§ **What to produce**: Every line from the one with "- Salon z aneksem kuchennym - 17,06 m2" to the end of the listing below must be printed exactly, with no other text and no pictures.

§ **Available data**:
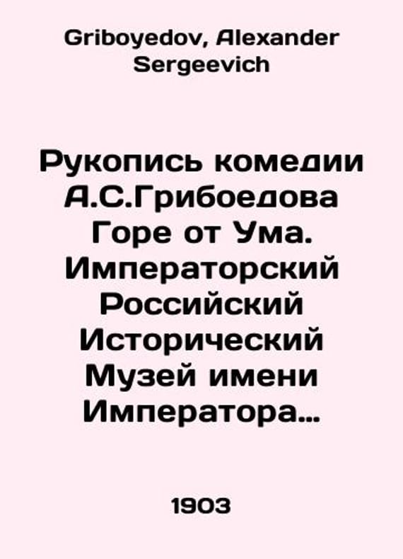 A Manuscript of the Comedy by A.S. Griboyedov Grief from Mind. Imperial Russian Historical Museum named after Emperor Alexander III. Description of Monuments. Issue III. In Russian /Rukopis komedii A.S.Griboedova Gore ot Uma. Imperatorskiy Rossiyskiy Istoricheskiy Muzey imeni Imperatora Aleksandra III. Opisanie Pamyatnikov. Vypusk III. Attached are 5 phototypic shots from the manuscript. Edited by V.E. Yakushkin (Edited by Iv.Zabelin). We have thousands of titles and often several copies of each title may be available. Please feel free to contact us for a detailed description of the copies available. SKUalbae3982da20362ce2.
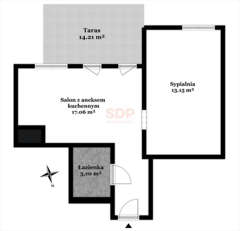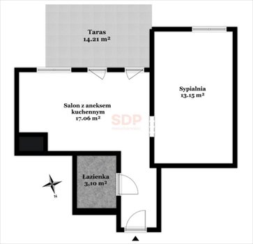 - Salon z aneksem kuchennym - 17,06 m2
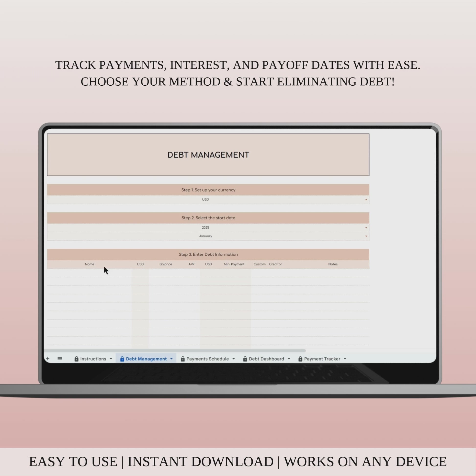 Debt Payoff Planner & Tracker | Spreadsheet Excel & Google Sheets (Elegant Theme)

§ **Task output**:
 - Salon z aneksem kuchennym - 17,06 m2
 Debt Payoff Planner & Tracker | Spreadsheet Excel & Google Sheets (Elegant Theme)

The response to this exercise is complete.